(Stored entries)
□ □ □ □

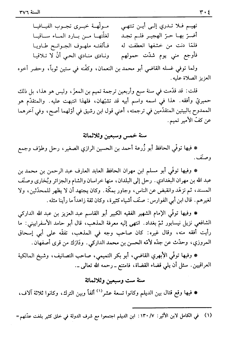 وفيها توفي الأبهري القاضي، أبو بكر التميمي، صاحب التصانيف، وشيخ المالكية العراقيين. سئل أن يلي قضاء القضاة، فامتنع رحمه الله تعالى.
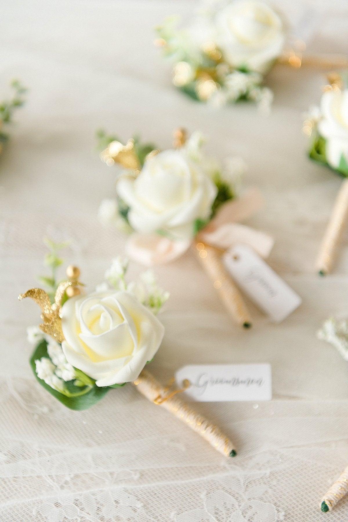 Perfect for the groom . best men . groomsmen . suitable for a garden wedding . rustic boho country french wedding . prom boutonniere . ceremony . anniversary . events . party . or as a wedding gift.
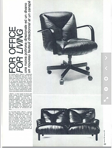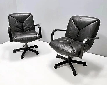 Pair of leather office chairs by Vico Magistretti for ICF Design, 1978
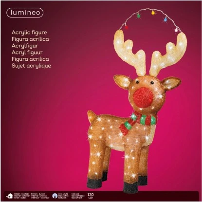 Die Weihnachtsfigur Rentier mit LED-Beleuchtung ist ein schöner Blickfang in der Winter- und Weihnachtszeit. Sie ist für den Innen- und Außenbereich geeignet und mit 120 kaltweißen LEDs ausgestattet.
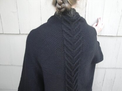 A cozy shrug worked in reverse stockinette to make the back cable detail pop! I love how the cable pops along the spine, adding a great detail to an otherwise simple piece.
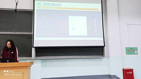 陈梦瑶高工以《智慧工地与BIM技术交流分享》为题,介绍了智慧工地的组成和发展,以甘肃六建智慧工地的应用为案例全面介绍了智慧工地建设要素、BIM应用、安全管理、质量管理和进度管理等内容,丰富了同学们的视野。
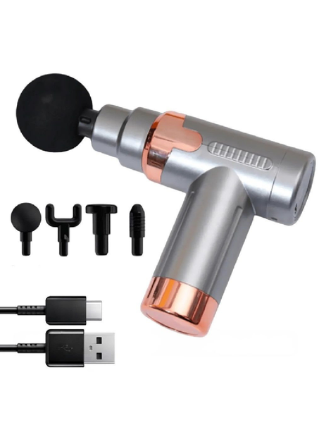 Перкусійний акумуляторний ручний масажер для тіла з насадками 5 штук 3300 об/хв 2000 мАг 26237 см (480664-Prob)
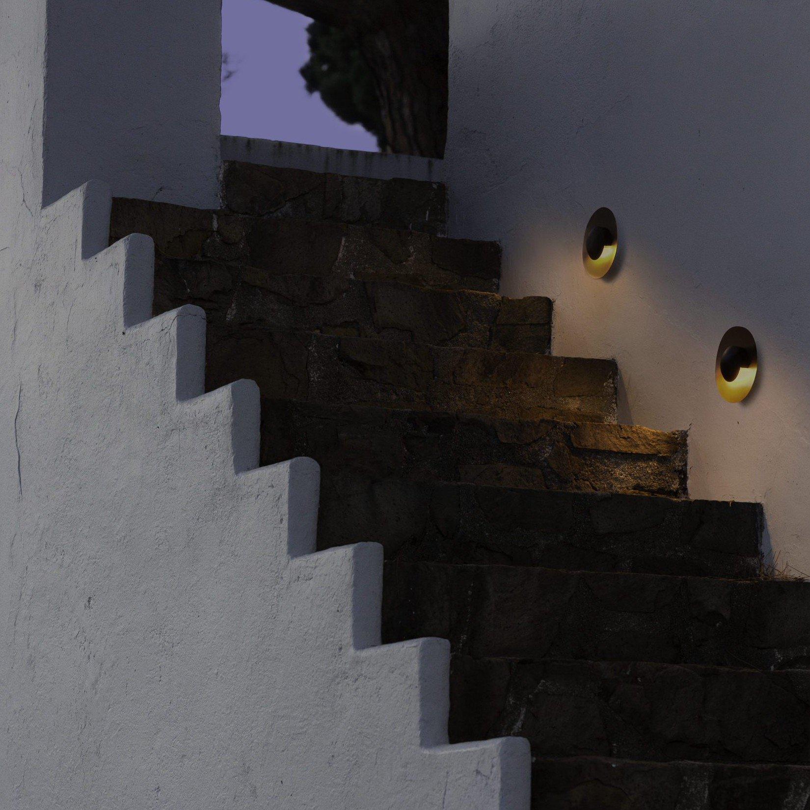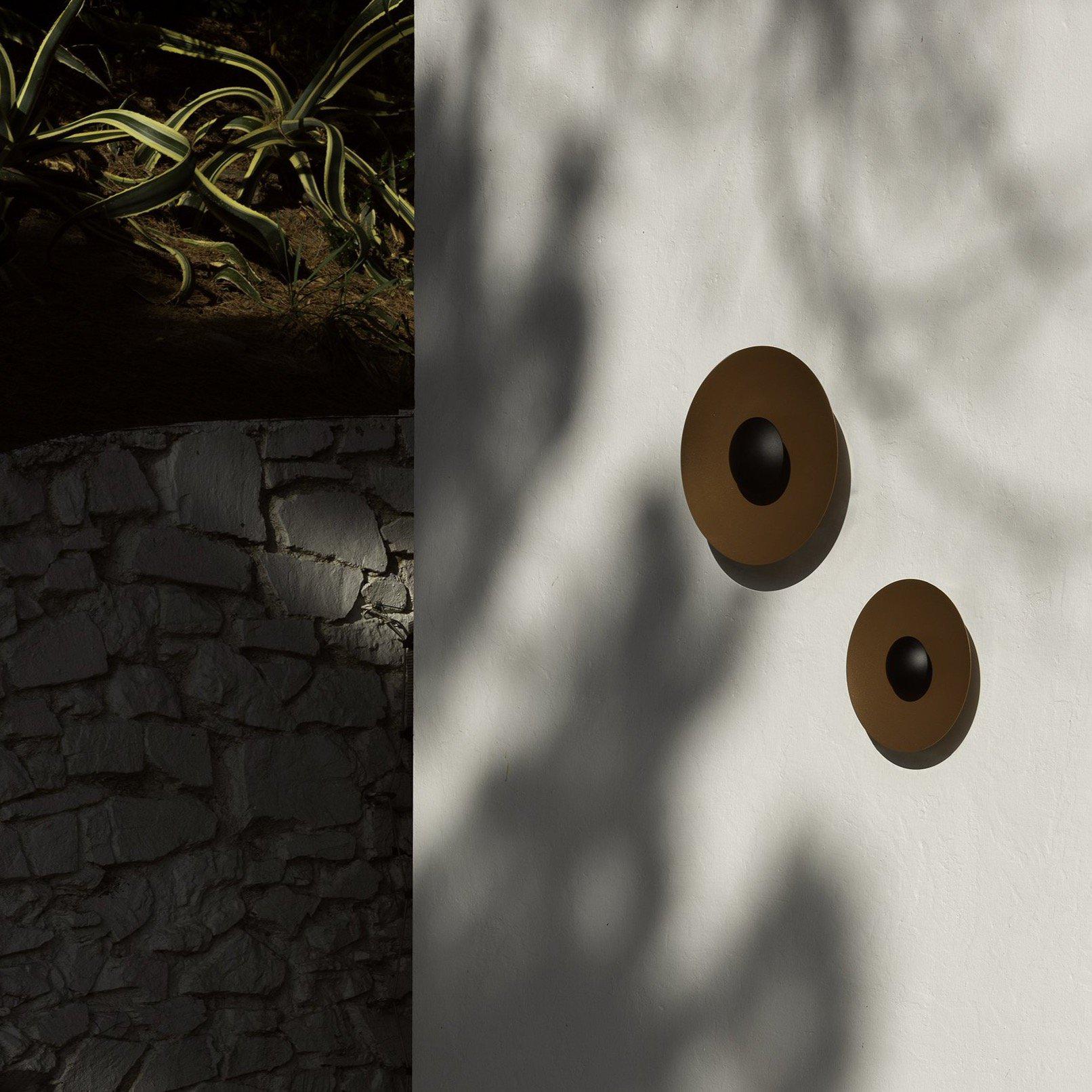 L'applique murale extérieure Ginger de Marset peut être installée seule ou en groupe et se distingue par sa finition rouille unique, offrant une lumière chaude et profonde, en plus de la finition métallique noire et blanche standard de la version intérieure. La version de 15 cm projette uniquement une lumière vers le bas, ce qui la rend idéale pour éclairer les escaliers à faible hauteur.
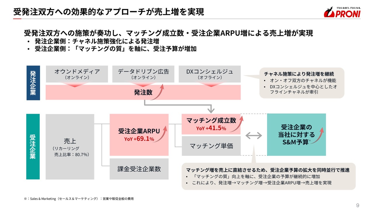 マッチング成立数の増加に直結させるために、「マッチングの質」に重点を置いた取り組みを行いました。その結果、受注企業から「PRONIにS&M費用をさらに預けてもいい」との成果が得られ、2025年12月期の受注企業ARPUは年間69.1パーセント伸ばすことができました。
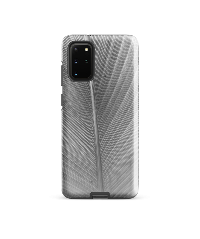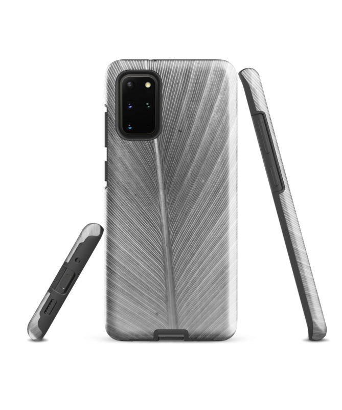 Entdecken Sie die beeindruckende Ästhetik der Natur mit der Samsung FREDB PALME-Hülle mit einem Schwarz-Weiß-Nahaufnahmefoto eines Palmblatts. Natürliche Eleganz zum...
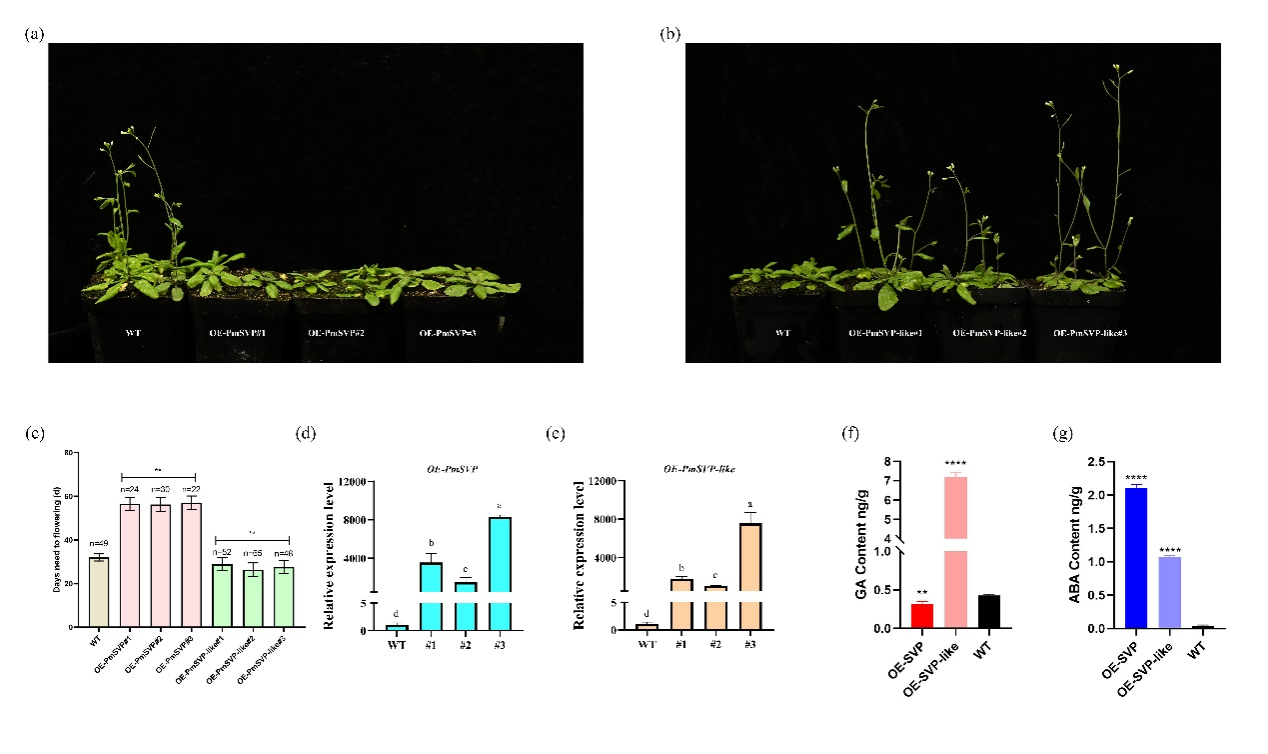 为了进一步验证PmSVP和PmSVP-like的功能,作者进行了拟南芥遗传转化实验。转基因表型观察表明,OE-PmSVP-like的转基因植株比野生型开花更早,而OE-PmSVP转基因植株表现出晚花表型。激素在开花过程中起着关键作用,OE-PmSVP-like中的GA含量高于OE-PmSVP,但有趣的是,ABA的含量恰恰相反。这与以前的研究一致,在打破休眠和开花机制中,ABA的功能是维持休眠和抑制开花,而GA是打破休眠并促进开花(Wen et al. 2016; Zhuang et al. 2013)。
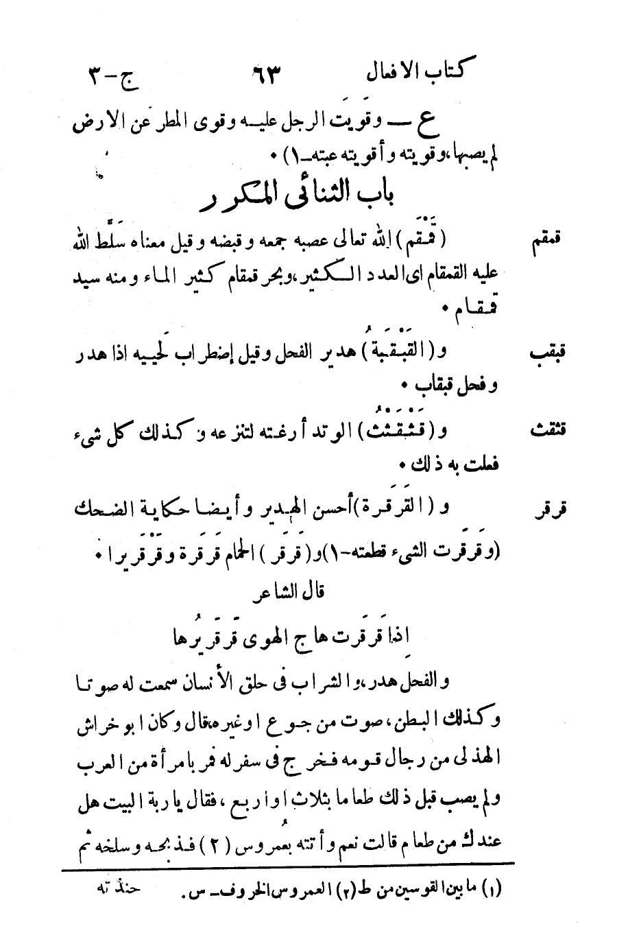 والفحلَ هدر والشراب في حلق الإنسان سمعت له صوتاً وكذلك البطن صوت من جوع أو غيره قال وكان أبو خراش الهذلي من رجال قومه فخرج في سفر له فمر بامرأة من العرب ولم يصب قبل ذلك طعاماً بثلاث أو أربع فقال يا ربة البيت هل عندك من طعام قالت نعم وأتته بُعمروس2 فذبحه وسلخه ثم

□ □ □ □

- **WHAT THE TASK ASKS**
Every record above should be set down exactly, with the pictures left out.

- **TASK SOLUTION**
 وفيها توفي الأبهري القاضي، أبو بكر التميمي، صاحب التصانيف، وشيخ المالكية العراقيين. سئل أن يلي قضاء القضاة، فامتنع رحمه الله تعالى.
 Perfect for the groom . best men . groomsmen . suitable for a garden wedding . rustic boho country french wedding . prom boutonniere . ceremony . anniversary . events . party . or as a wedding gift.
 Pair of leather office chairs by Vico Magistretti for ICF Design, 1978
 Die Weihnachtsfigur Rentier mit LED-Beleuchtung ist ein schöner Blickfang in der Winter- und Weihnachtszeit. Sie ist für den Innen- und Außenbereich geeignet und mit 120 kaltweißen LEDs ausgestattet.
 A cozy shrug worked in reverse stockinette to make the back cable detail pop! I love how the cable pops along the spine, adding a great detail to an otherwise simple piece.
 陈梦瑶高工以《智慧工地与BIM技术交流分享》为题,介绍了智慧工地的组成和发展,以甘肃六建智慧工地的应用为案例全面介绍了智慧工地建设要素、BIM应用、安全管理、质量管理和进度管理等内容,丰富了同学们的视野。
 Перкусійний акумуляторний ручний масажер для тіла з насадками 5 штук 3300 об/хв 2000 мАг 26237 см (480664-Prob)
 L'applique murale extérieure Ginger de Marset peut être installée seule ou en groupe et se distingue par sa finition rouille unique, offrant une lumière chaude et profonde, en plus de la finition métallique noire et blanche standard de la version intérieure. La version de 15 cm projette uniquement une lumière vers le bas, ce qui la rend idéale pour éclairer les escaliers à faible hauteur.
 マッチング成立数の増加に直結させるために、「マッチングの質」に重点を置いた取り組みを行いました。その結果、受注企業から「PRONIにS&M費用をさらに預けてもいい」との成果が得られ、2025年12月期の受注企業ARPUは年間69.1パーセント伸ばすことができました。
 Entdecken Sie die beeindruckende Ästhetik der Natur mit der Samsung FREDB PALME-Hülle mit einem Schwarz-Weiß-Nahaufnahmefoto eines Palmblatts. Natürliche Eleganz zum...
 为了进一步验证PmSVP和PmSVP-like的功能,作者进行了拟南芥遗传转化实验。转基因表型观察表明,OE-PmSVP-like的转基因植株比野生型开花更早,而OE-PmSVP转基因植株表现出晚花表型。激素在开花过程中起着关键作用,OE-PmSVP-like中的GA含量高于OE-PmSVP,但有趣的是,ABA的含量恰恰相反。这与以前的研究一致,在打破休眠和开花机制中,ABA的功能是维持休眠和抑制开花,而GA是打破休眠并促进开花(Wen et al. 2016; Zhuang et al. 2013)。
 والفحلَ هدر والشراب في حلق الإنسان سمعت له صوتاً وكذلك البطن صوت من جوع أو غيره قال وكان أبو خراش الهذلي من رجال قومه فخرج في سفر له فمر بامرأة من العرب ولم يصب قبل ذلك طعاماً بثلاث أو أربع فقال يا ربة البيت هل عندك من طعام قالت نعم وأتته بُعمروس2 فذبحه وسلخه ثم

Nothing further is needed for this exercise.